Every line of the material is to be quoted verbatim, minus the pictures.

Top of Available data

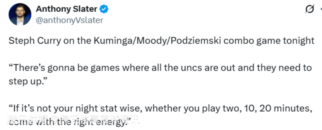 随后又有记者提问:“今晚穆迪、波杰姆斯基打得很出色,还有另外几位球员也是如此。考虑到球队里球员年龄有差距,你们是如何在整个赛季里保持竞争力、一直赢球的呢?”库里表示:“总会有比赛是‘叔叔辈’球员(核心老将)缺席的情况,这时候他们就需要站出来。如果某场比赛你的数据表现不佳,无论你打了2分钟、10分钟还是20分钟,都要带着正确的能量上场。”
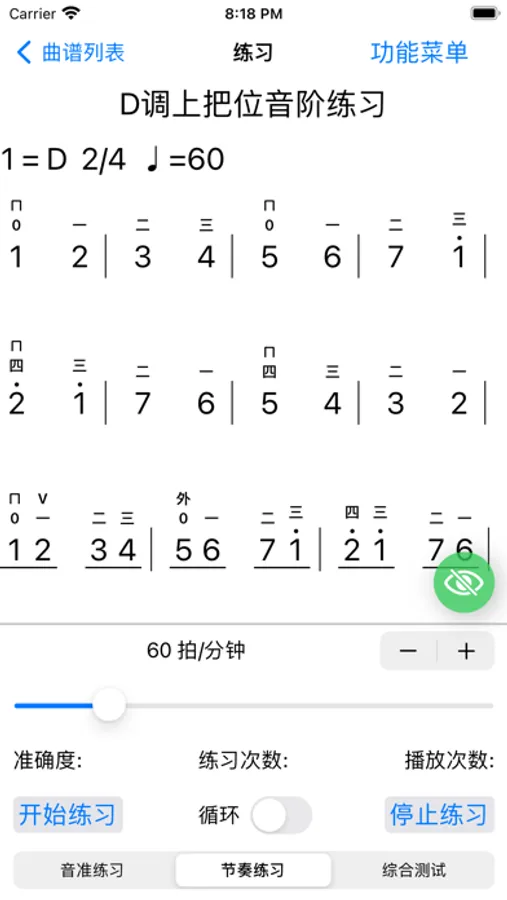 2、节奏练习:可设置任意速度播放曲谱,方便用户进行跟奏,可有效提升初学者的节奏感。
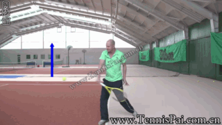 采用類似納達爾的繞頂隨揮,雖然動作誇張,但是非常有利於找到向上擊球的感覺,增加球的上旋。
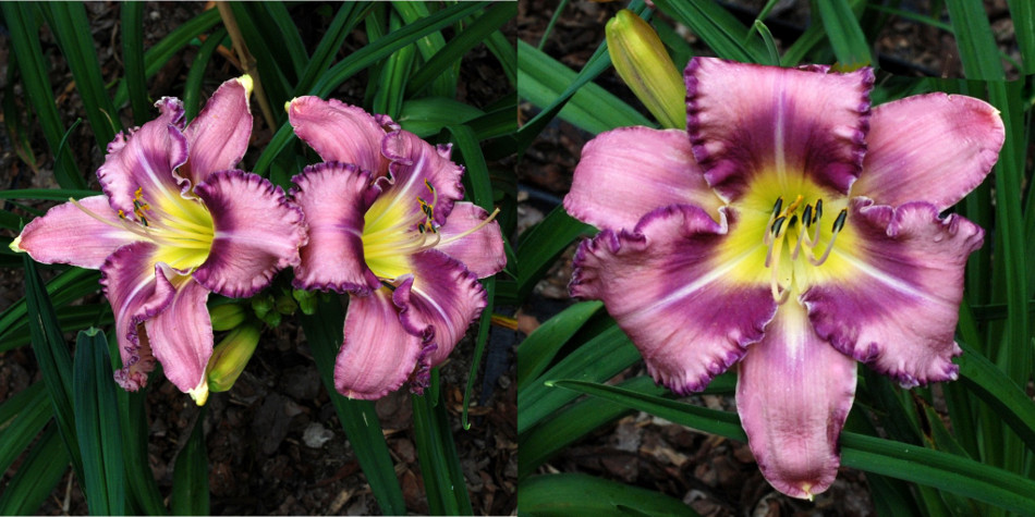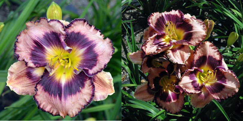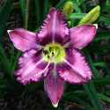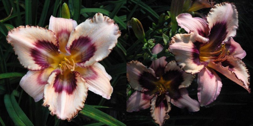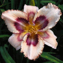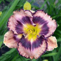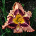Colour: purple rose with violet blue eye and silver toothy edge above yellow throat

Bottom of Available data

### Answer space
 随后又有记者提问:“今晚穆迪、波杰姆斯基打得很出色,还有另外几位球员也是如此。考虑到球队里球员年龄有差距,你们是如何在整个赛季里保持竞争力、一直赢球的呢?”库里表示:“总会有比赛是‘叔叔辈’球员(核心老将)缺席的情况,这时候他们就需要站出来。如果某场比赛你的数据表现不佳,无论你打了2分钟、10分钟还是20分钟,都要带着正确的能量上场。”
 2、节奏练习:可设置任意速度播放曲谱,方便用户进行跟奏,可有效提升初学者的节奏感。
 采用類似納達爾的繞頂隨揮,雖然動作誇張,但是非常有利於找到向上擊球的感覺,增加球的上旋。
Colour: purple rose with violet blue eye and silver toothy edge above yellow throat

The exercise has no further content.